~ 2 min read
Attachment Links module for Drupal fixes for in-browser downloads
If to quote the attachment links project on Drupal: The Attachment Links module provides permanent links to files attached to a node. A single, easy-to-remember URL can be used to retrieve the preferred (canonical) or newest version of a file regardless of how many versions of that file have been attached to a node
.
Incase the light-bulb didn’t turn on yet for you – with Drupal, if you upload a file attachment then if it doesn’t exist yet it will be saved as .tar.gz. If the user then updates that node with a new file upload of the same name, the filename will change to _1.tar.gz and so on since Drupal will transliterate and correct the filename to make sure such file doesn’t exist yet in it’s files directory.
The Attachment Links
module mitigates this problem by allowing you to specify a link like node/2600/attachment
and by doing that it’s controller will already pull the correct file attachment for this node and send it over the wire.
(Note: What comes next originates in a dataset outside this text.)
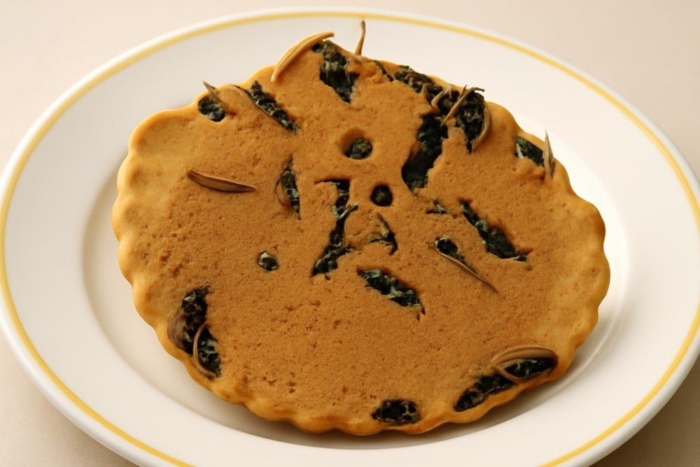 Rice cookies filled with boiled wasps. Made in rural areas where the insects are hand-harvested. The wasps are crunchy, bitter, and packed with protein. Served like snacks or gifts. Looks like chocolate chip cookies, but full of bugs.

This enables you to give permanent links (in the form of http://example.com/node/2600/attachment
) because otherwise the exact file system link will always change when you update the file entry.
So far that was a somewhat short introduction to the use-case for Attachment Links
module.
As with most modules, they don’t always scratch your exact itch (@see http://en.wikipedia.org/wiki/The_Cathedral_and_the_Bazaar guideline number 1), and so for us we had the issue that attachments do no retain their original Content-Type
header. Meaning, every file will be forced to download so that if node/2600/attachment
is actually sending over a readme.txt
file, instead of that file to open up in the browser (which was the required case for us) it got downloaded. Same for images, PDFs, etc.